Endogenous Nampt prevents HFD-induced diastolic dysfunction and oxidative stress. (A) Body weights in wild type and Nampt^+/− mice under HFD feeding conditions. (B) Blood glucose in wild type and Nampt^+/− mice under HFD feeding conditions (C) HFD-induced Nampt expression is inhibited in Nampt^+/− mice. NS: Non-specific band. (D) HFD-induced diastolic dysfunction is exacerbated in Nampt^+/− mice. (E) Endogenous Nampt maintains NAD(H). (F) Endogenous Nampt maintains NADP. (G) Neither Nampt knockdown nor HFD significantly affects the level of NADK and G6PD. (H) Nampt knockdown promotes HFD-induced inhibition of Trx1 substrates.

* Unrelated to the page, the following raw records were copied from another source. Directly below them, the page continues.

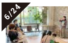
6/24 NPO法人「絵本で子育て」センター
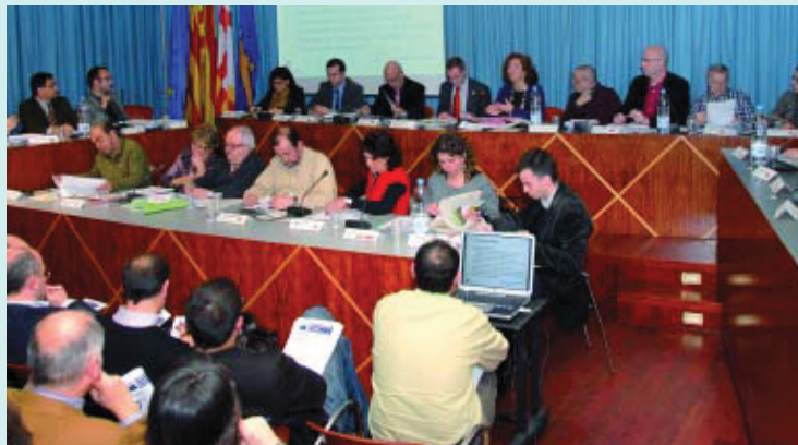
Un moment del Ple del dia 3 de març.

En la sessió plenària del 3 de març es va informar dels projectes aprovats dins el Fons Estatal d'Inversió Local que s'han de dur a terme al districte durant el 2009
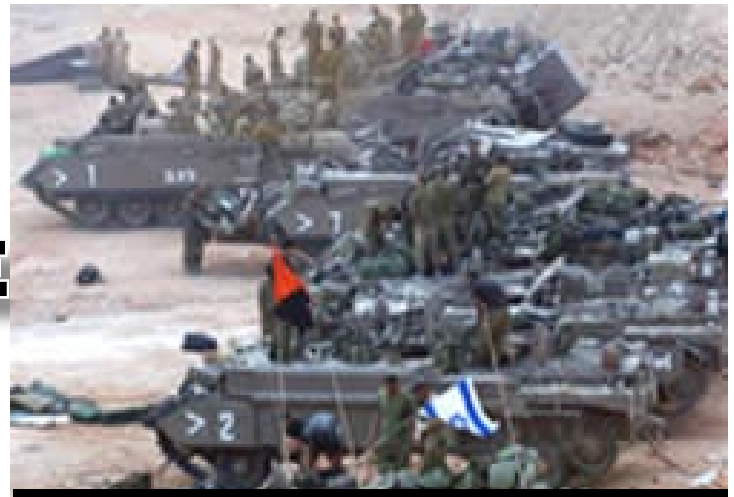
Ejército sionista invadiendo El Líbano.- Internacional
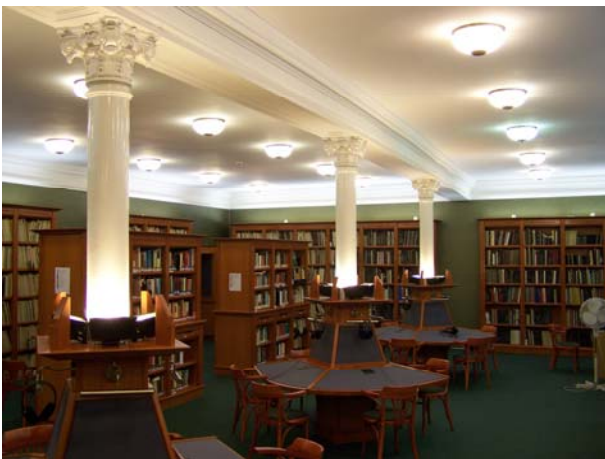
2. ábra A Zeneműtár

Komoly építészeti és szervezési feladatot jelentett a Zeneműtár befogadása a Molnár utcai központi székházba, amit a rendszerváltozást követő reprivatizáció kényszerített ki, és amely folyamatos belsőépítészeti átalakítások során nyerte el mai arculatát, vált különlegesen szép, egyedi, látványosságként is nevezetes zenei gyűjteménnyé (2. ábra).
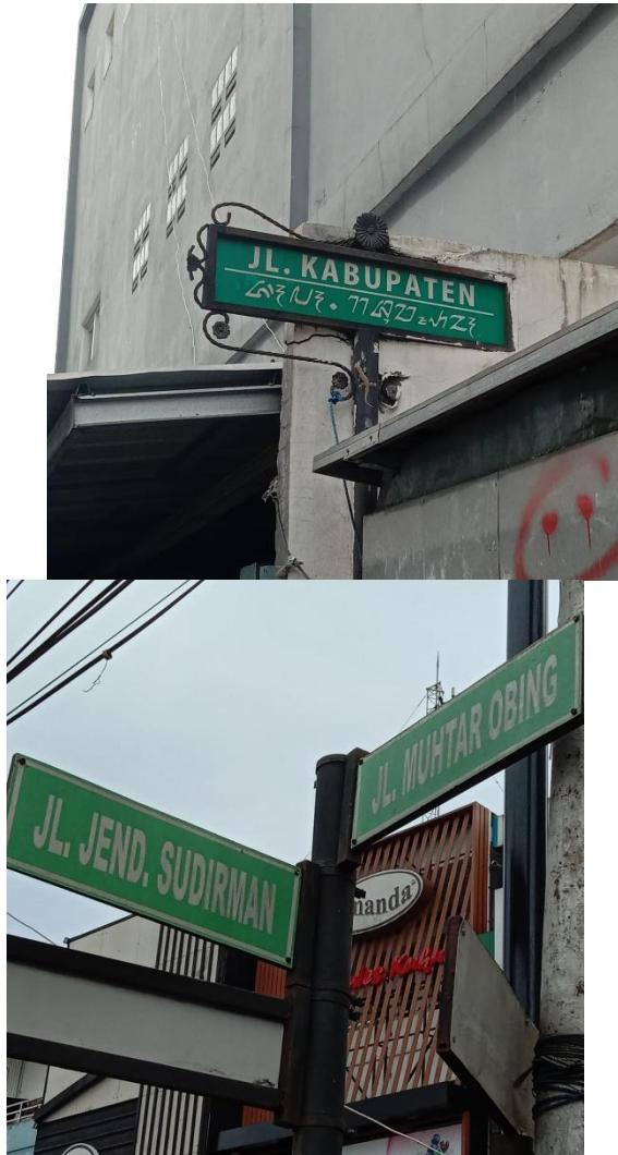
Gambar 3. Papan tanda nama jalan di kawasan alun-alun Kota Sukabumi

Contoh lainnya seperti pada Gambar 4, yaitu penggunaan Bahasa Sunda pada papan ajakan untuk membaca yang dikeluarkan oleh Kantor Perpustakaan Umum dan Arsip daerah Kota Sukabumi. Papan tanda ini menggunakan Bahasa Sunda yang terpampang jelas di posisi tengah papannya. Tulisan pada papan sedikit kabur, warna papan sudah memudar dan papan yang digunakan sudah penyok di bagian ujung papannya. Hal serupa pun terjadi pada poster yang lainnya dimana warna tulisan serta visual pada poster sudah lusuh dan pudar. Material yang digunakan untuk poster pun sudah rusak. Banyaknya papan tanda yang sudah usang dan tidak terawat ini bisa diinterpretasikan sebagai kurangnya perhatian Pemerintah Kota Sukabumi kepada papan tanda yang muncul di ruang publik.

Heart lysates were prepared from WT and Nampt^+/− mice after 3 months of HFD consumption. Western blot analyses were performed with indicated antibodies. Statistical significance was determined with ANOVA (C, E (NADH), F (NADPH, NADP+NADPH, NADPH/NADP), G, H (NADK/Tubulin, G6PD/Tubulin, PrdxSO₃H/Prdx1, P-mTOR/mTOR. P-S6K/S6K, P-AMPKα/AMPKα, P-ACC/ACC, Dityrosine/Tubulin and P-IKK/IKK), repeated measures ANOVA (A, B) and the Kruskal-Wallis test (D, E (NAD, NAD+NADH, NAD/NADH), F (NADP) and H (Trx1/Tubulin and TLR4/Tubulin).

Figure 8.

Nampt potentiates metabolic ability. (A) Nampt knockdown suppresses mitochondrial proteins during HFD consumption. Heart lysates were prepared from WT and Nampt^+/− mice after 3 months of HFD consumption. Western blot analyses were performed with indicated antibodies. (B-D) Nampt potentiates ATP production and fatty acid oxidation. Cardiomyocytes were transduced with shNampt. Oxygen consumption rate was examined in cardiomyocytes incubated with 100 μmol/L palmitic acid (PA). ATP production coupled oxygen consumption (C) and maximum fatty acid oxidation capacity (D) are shown. (C-D) N=5–6. (E) Western blot showing knockdown of Nampt by adenovirus vector of shNampt. (F-G) Cardiomyocytes were transduced with Ad-Nampt. Oxygen consumption rate was examined in cardiomyocytes incubated with 100 μmol/L palmitic acid (PA). Statistical significance was determined with ANOVA (A), the Kruskal-Wallis test (C), the Mann-Whitney U test (G), and the Student’s t test (G). (H) A schematic representation of the current hypothesis. Nampt promotes NAD production, which promotes NADP production via NADK. Increased NADP(H) confers resistance against oxidative stress, possibly through the GSH and Trx systems, which may in turn attenuate diastolic dysfunction.